Rutte Wins Dutch Election With Signs of Softening on Europe
(Bloomberg) -- Dutch Prime Minister Mark Rutte won a clear victory in Wednesday’s national election to secure a fourth term in office, with early results showing the country may be ready for a more conciliatory relationship with the rest of Europe after the traumas of the pandemic.
Rutte’s center-right party, the VVD, won 36 seats in the 150-strong parliament, up from 33 in 2017, with the pro-European group D66 in second place with 24 seats, according to a projection early Thursday by Dutch news agency ANP with 63% of votes counted.
The results set up Rutte, 54, to become the longest serving premier in Dutch history as he looks to steer the Netherlands out of the pandemic. But they also raise questions about whether he’ll maintain his strategy of resisting common projects with the rest of the European Union. The process of putting together a coalition could take months.
“There is huge work ahead of us,” Rutte said after exit polls were released. “The biggest task will be leading the country through the corona crisis.”
He congratulated D66 leader Sigrid Kaag on her “historic” success.
“We should cooperate more with France and Germany,” 59-year-old Kaag, who previously worked for the United Nations as a diplomat, said last month during an online seminar organized by the Centre for European Reform, a research institute. “They set the tone and the agenda. It is important to be trustworthy and that we are the go-to partners for the French and Germans.”
Another pro-European party, Volt, is projected to enter parliament for the first time with three seats.
“D66 now clearly is the second biggest party of the country and holds the strongest progressive voice,” Kees Aarts, a professor of politics at Groningen University, said in a phone interview. “This will give them a big voice in a potential new government.”
Wopke Hoekstra, who served as Rutte’s most recent finance minister, is projected to win 15 seats with his Christian Democrats, behind the 17 seats Geert Wilders’ populists is winning.
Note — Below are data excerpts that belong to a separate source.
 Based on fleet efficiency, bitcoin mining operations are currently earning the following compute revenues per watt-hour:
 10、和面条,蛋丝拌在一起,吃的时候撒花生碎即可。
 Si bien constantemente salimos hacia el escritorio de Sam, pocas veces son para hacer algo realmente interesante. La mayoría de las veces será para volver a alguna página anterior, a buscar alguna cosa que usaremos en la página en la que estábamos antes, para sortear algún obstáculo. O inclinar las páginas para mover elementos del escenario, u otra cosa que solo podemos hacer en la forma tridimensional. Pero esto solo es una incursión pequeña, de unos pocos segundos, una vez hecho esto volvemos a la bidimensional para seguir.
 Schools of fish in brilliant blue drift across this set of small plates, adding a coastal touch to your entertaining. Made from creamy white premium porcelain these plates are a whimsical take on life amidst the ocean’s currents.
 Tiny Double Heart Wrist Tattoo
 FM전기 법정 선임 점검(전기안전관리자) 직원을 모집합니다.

The Christian Democrats and D66 both had 19 seats in the last parliament and Hoekstra may have to cede the finance ministry to the pro-European group.
“We have a big responsibility, the party and myself,” Kaag said in her first comments after the polls were released. “We need to cooperate and we want to be more progressive, greener and more equal.”
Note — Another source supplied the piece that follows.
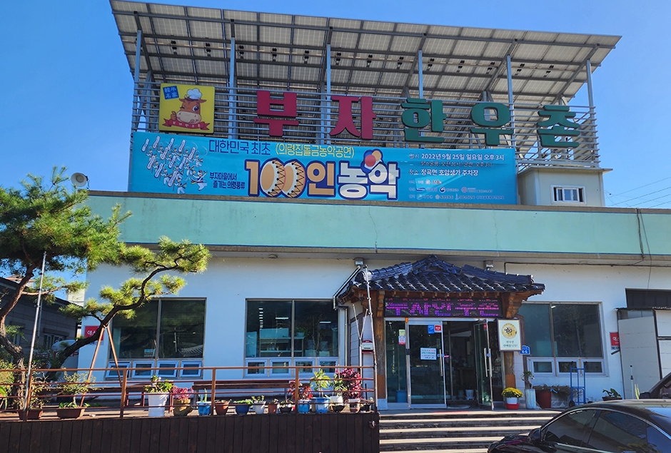한우가 맛있기로 소문난 의령에는 한우구이 전문점이 많다. 부자한우촌은 식육판매업도 함께 운영 중으로 품질 좋은 한우를 먹을 수 있어 의령 한우 맛집으로 알려져 있다. 큰 규모의 식당 내부는 단체석과 개별 룸이 있어 가족 식사, 회식, 모임 등을 하기 좋은 곳이다. 신발을 벗고 들어가는 부자한우촌은 가게 입구 신발 사물함이 구비되어 있다. 다양한 부위의 한우가 나오는 부자촌 모듬과 부자촌 스페셜이 이곳 대표 메뉴이다. 또 육회와 전골도 인기 메뉴로 많이 찾는다. 냉면과 곰탕, 곰탕 국수는 계절 메뉴로 판매하고 있다. 가게 안 정육점도 운영하여 조금 더 저렴한 가격으로 한우를 구매할 수 있다. 근처 여행 코스로 좋은 호암 이병철 생가도 있어 함께 둘러보기 좋다.
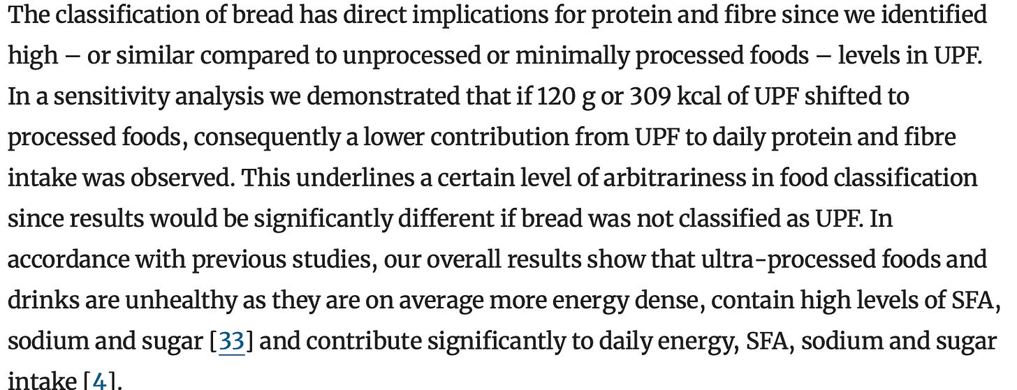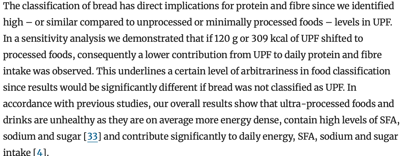 Als je dit wil vertalen naar schadelijkheid voor Nederland, denk ik dus dat de eerder genoemde 61 procent erg misleidend is. We eten namelijk veel brood en veel zuivel en zelfs de ultrabewerkte varianten hiervan zijn geassocieerd met positieve gezondheidsresultaten.

As the two main winners, Rutte and Kaag are expected to take the initiative in coalition negotiations, while Hoekstra and the leaders of the left wing groups -- Labor, the Socialist Party and the Green Left -- are likely to come under pressure over their losses.
The Dutch last year fought alongside Austria, Denmark and Sweden to water down the 750 billion-euro ($900 billion) EU recovery package proposed by German Chancellor Angela Merkel and Emmanuel Macron of France. During the campaign, Kaag had criticized that approach, arguing that the Netherlands, the fifth-biggest economy in the bloc, should seek to forge a common project with the EU’s biggest powers.
“The Dutch strategy of making alliances with smaller countries is not in the spirit of Europe,” said Amy Verdun, a visiting professor of European politics at the University of Leiden. “It is not a winning strategy and I think it will change.”
The first priority for the next government will be to get the pandemic under control and then rebuild the economy. Dutch output shrank by 4.1% last year and the European Commission is forecasting an expansion of just 1.8% for 2021, the weakest in the European Union.
The main Dutch newspapers focused on the success of D66, with de Volkskrant referring to the “Kaag effect” and NRC Handelsblad writing that the “pro-European sounds” of her party were echoed by the arrival in parliament Volt, a smaller ally. De Telegraaf had a photo of Rutte raising a glass with VVD colleagues on its front page.